On HPC systems, conda init is not recommended as it modifies your shell configuration files. This can cause problems with the module system and other software. Instead, use the source $(conda info --base)/etc/profile.d/conda.sh command to activate conda in your current shell session.

Conda environments are beyond the scope of this example, but they are a good way to contain all the dependencies and programs for a particular workflow, in this case, idba.

Install idba in our conda environment.

Tip

Note that best practise is to do the install on a compute node

We'll just do it here on the login node for now - the code will run slower on the compute nodes as a result!

conda install -c bioconda idba

Idba is a genome assembler, we will use paired-end illumina reads of E. coli. The data is available on an Amazon S3 bucket (a cloud storage location), and we can download it using wget.

mkdir data  # put our data in a sensible location
cd data
wget --content-disposition goo.gl/JDJTaz #sequence data
wget --content-disposition goo.gl/tt9fsn #sequence data
cd ..  #back to our project directory

The reads we have are paired-end fastq files but idba requires a fasta file. We can use a tool installed with idba to convert them. We'll do this on the Rāpoi login node as it is a fast task that doesn't need many resources.

fq2fa --merge --filter data/MiSeq_Ecoli_MG1655_50x_R1.fastq data/MiSeq_Ecoli_MG1655_50x_R2.fastq data/read.fa

To create our submission script we need to know the path to our conda enviroment. To get this:

conda env list

You'll need to find your idba-example environment, and next to it is the path you'll need for your submission script. In my case:

# conda environments:
#
base                  *  /home/username/anaconda3
idba-example          /home/username/anaconda3/envs/idba-example  # We need this line, it'll be different for you!

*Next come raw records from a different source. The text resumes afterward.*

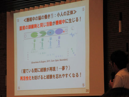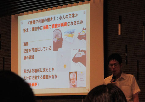 後半の質問タイムでは、主に睡眠と記憶についての質問が多く飛び交っていました!今日は無意識についてのお話でしたが、そもそも無意識と意識の差は何ですか?という質問がありました。実は意識と無意識の差は、正確にはわかっていないそうです。何が意識で何が無意識かを厳密に考えると難しいですね。
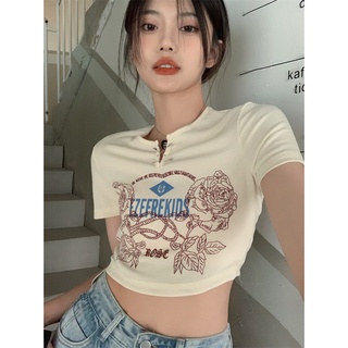 QKOOLE Áo Thun Croptop Tay Ngắn Cổ Tròn Dáng Ôm In Chữ Đính Đá Thời Trang Mùa Hè Cho Bạn Gái
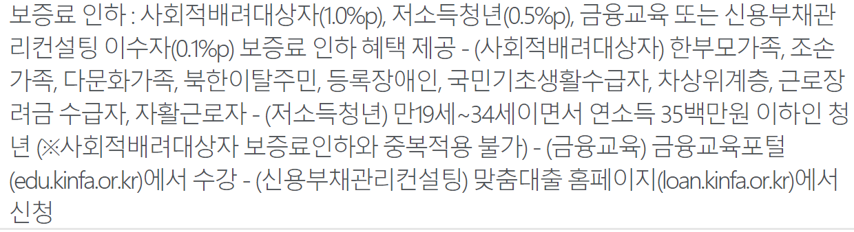 대출 금리 및 보증료 / 우대금리 조건
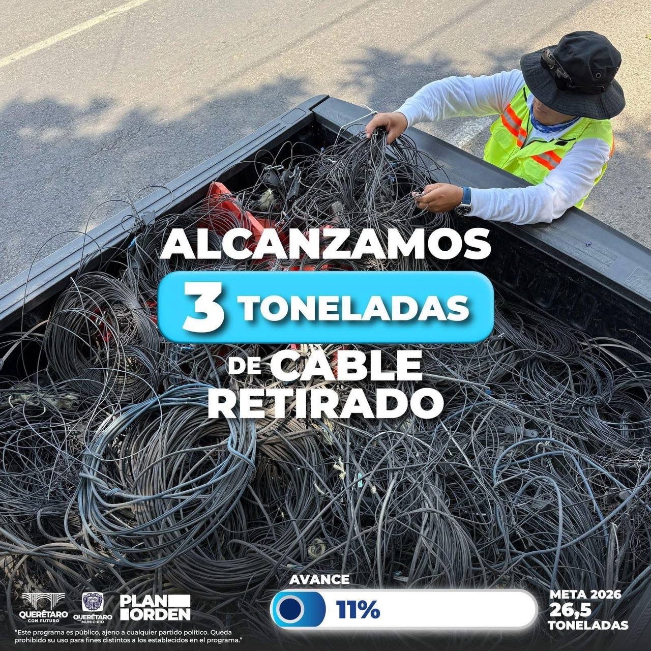 Durante 2025, el programa permitió el retiro de 26.5 toneladas de cables en distintas vialidades de la capital, mediante operativos coordinados con 14 empresas de telecomunicaciones.
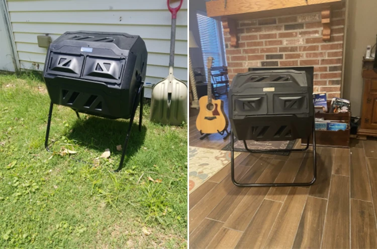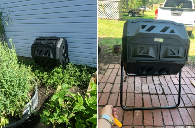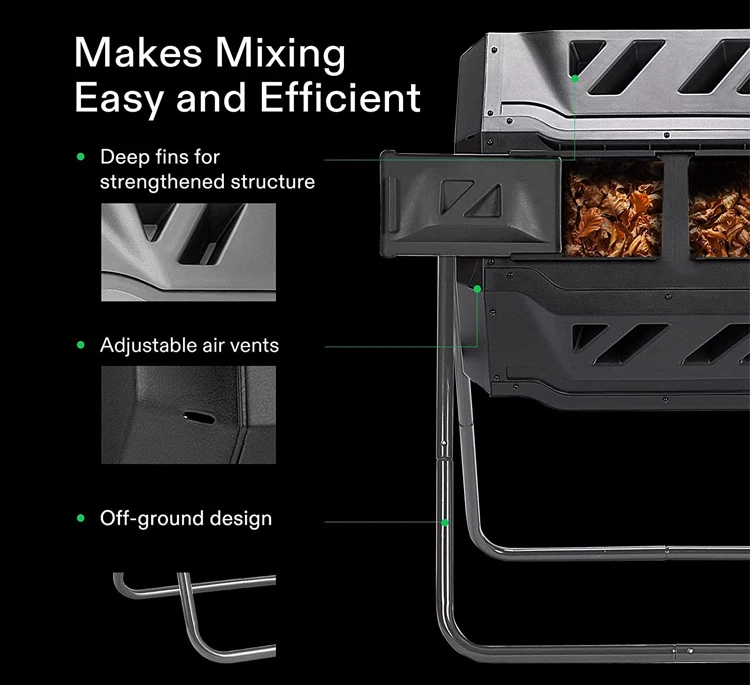 Twin Chambers: Designed with 2 chambers, the tumbling composter allows you to compost in batches; One side "cooks" while you add fresh organic material to the other, allowing for an efficient | ||||||
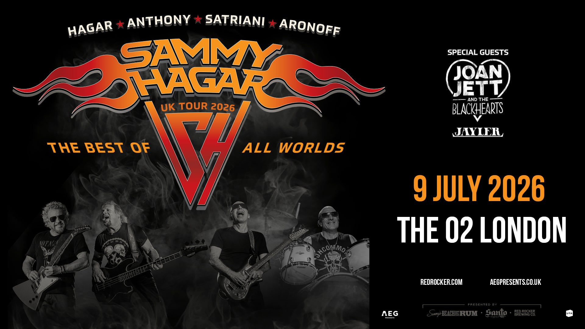 Rock icon Sammy Hagar today announced that his top-grossing Best of All Worlds Tour is headed to the UK for a huge arena tour and appearing at The O2 on Thursday 9 July 2026. The Red Rocker will be joined by his supergroup The Best of All Worlds Band, including legendary guitarist Joe Satriani, fellow Rock & Roll Hall of Famer and longtime Van Halen bassist Michael Anthony, and powerhouse drummer Kenny Aronoff, with special guest Joan Jett & The Blackhearts and opening act JAYLER.
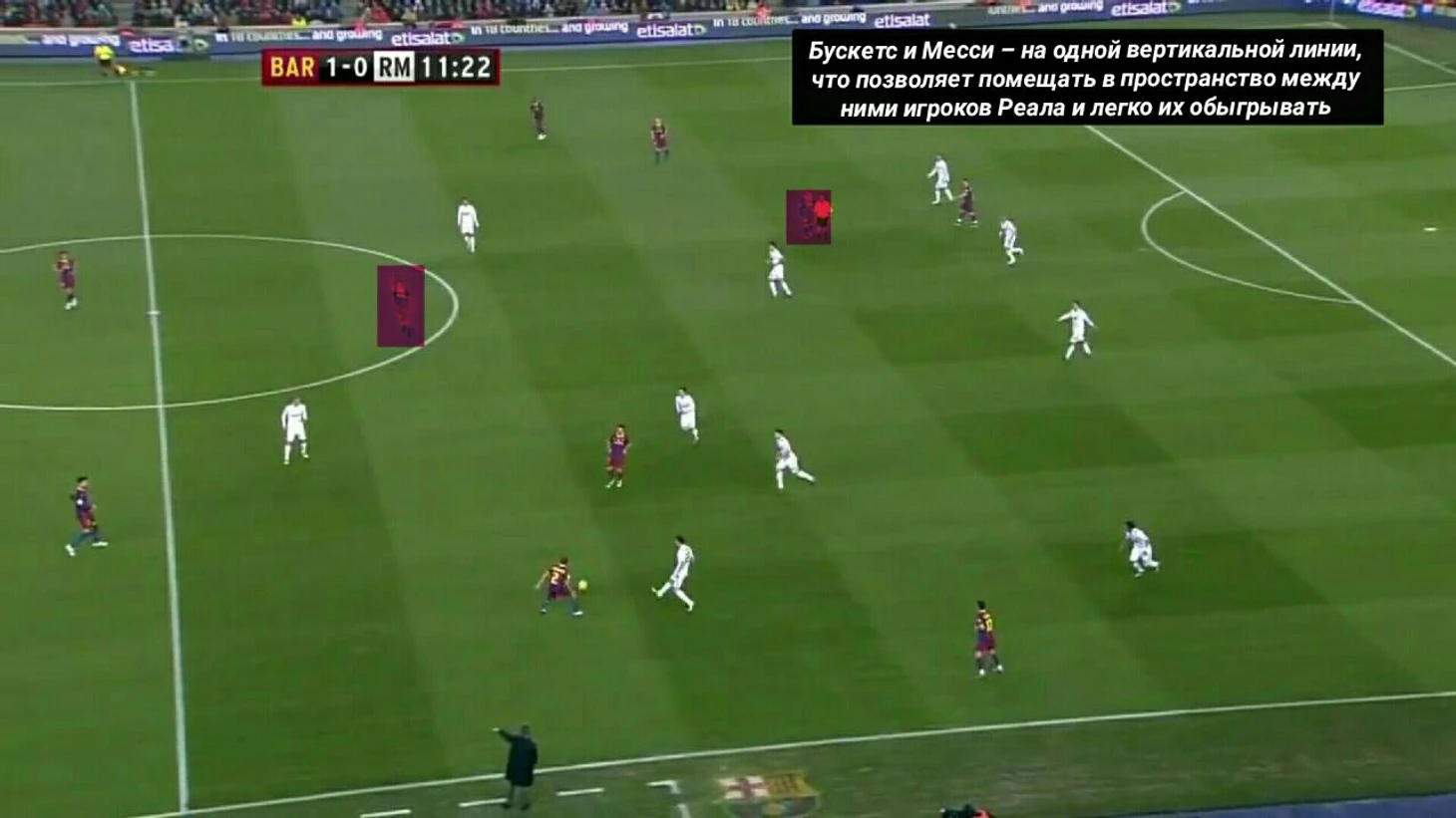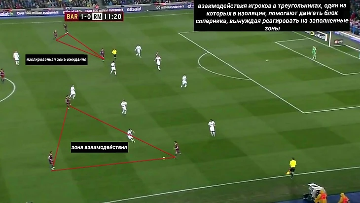 – Создавать изоляции за спинами опорников соперника (чаще всего для Месси или Иньесты)
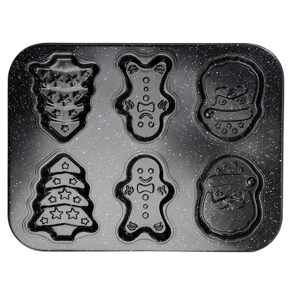 Upečte naraz šesť detailných sušienok alebo mini báboviek v tvaroch Santa, stromčeka a perníkovej postavičky – ideálne na vianočné pečenie aj darčeky.
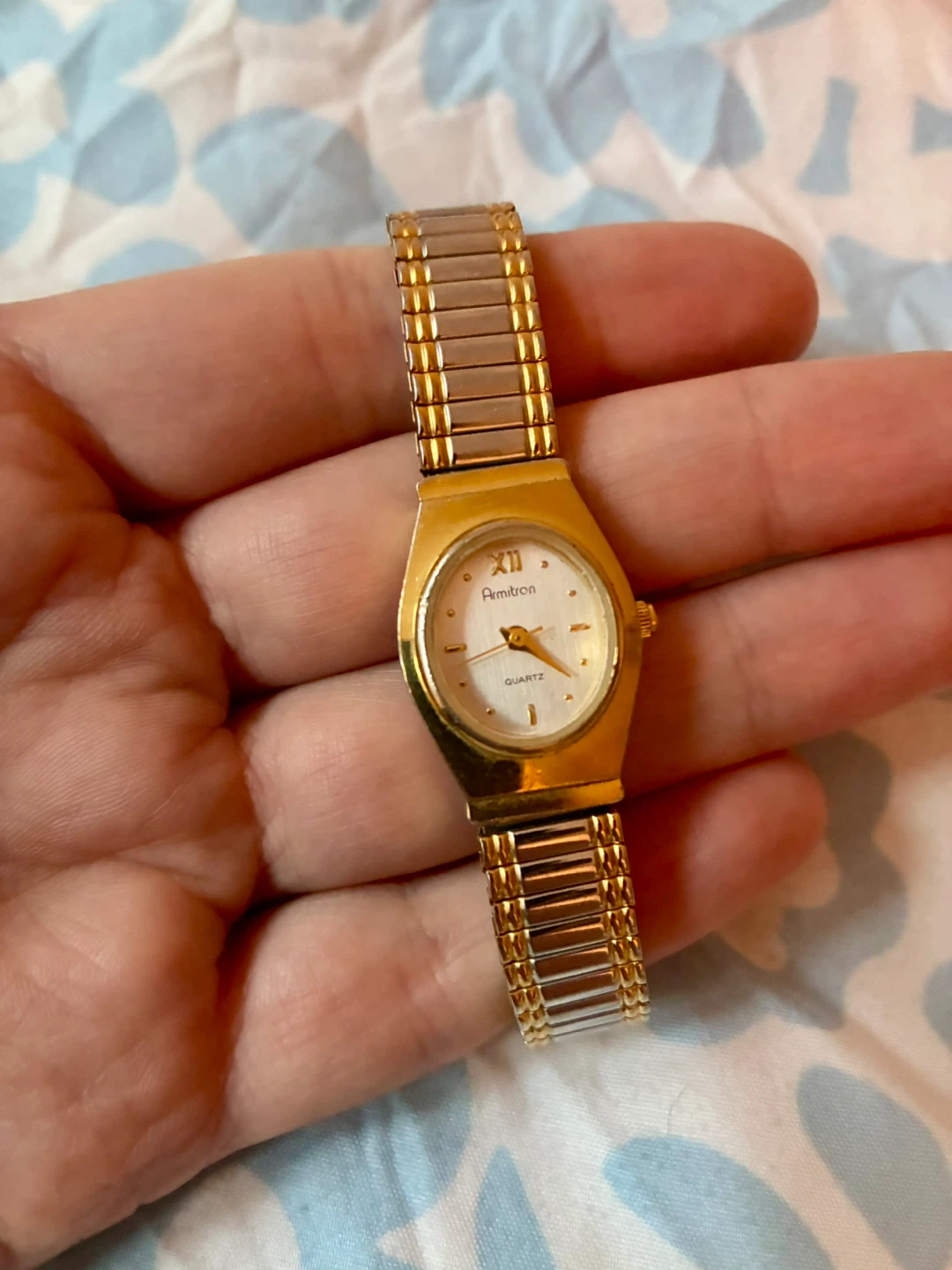 This is an Armitron quartz watch with a gold and silver tone band. It features a classic white dial with Roman numeral XII. The band is a stretch style for easy wear. It's a reliable timepiece for everyday use! Also, it’s stretchable!

Create our sbatch submission script. Note that this sequence doesn't need a lot of memory, so we'll use 3G. To see your usage after the job has run use vuw-job-report <job-id>

idba_submit.sh

#!/bin/bash

#SBATCH --job-name=idba_test
#SBATCH -o _output.out
#SBATCH -e _output.err
#SBATCH --time=00:5:00
#SBATCH --partition=quicktest
#SBATCH --ntasks=12
#SBATCH --mem=3G

module load Anaconda3/2020.11
eval "$(conda shell.bash hook)" # basically inits your conda - prevents errors like: CommandNotFoundError: Your shell has not been properly configured ...
conda activate /home/username/anaconda3/envs/idba-example  # We will need to activate our conda enviroment on the remote node
idba idba_ud -r data/read.fa -o output

To submit our job

sbatch idba_submit.sh

To see our job running or queuing

squeue -u $USER

This job will take a few minutes to run, generally less than 5. When the job is done we can see the output in the output folder. We can also see the std output and std err in the files _output.out and _output.err. The quickest way to examine them is to cat the files when the run is done.

cat _output.out

R users guide¶

Which versions of R are working on Rāpoi?¶

There are a number of versions of R on Rāpoi, although many of these are old installations (prior to an OS update and changes to the module system) and no longer work. There are three relatively recent versions of R which currently work (as of April 2024), these are R/3.6.3, R/4.1.0 and R/4.2.0. Each of these modules has a couple of pre-requisite modules that need to be loaded prior to loading the R module. To find out what you need to load first you just need to check the output of module spider R/x.y.z (with the appropriate values for x,y,z). The following example shows how to use R/4.2.0.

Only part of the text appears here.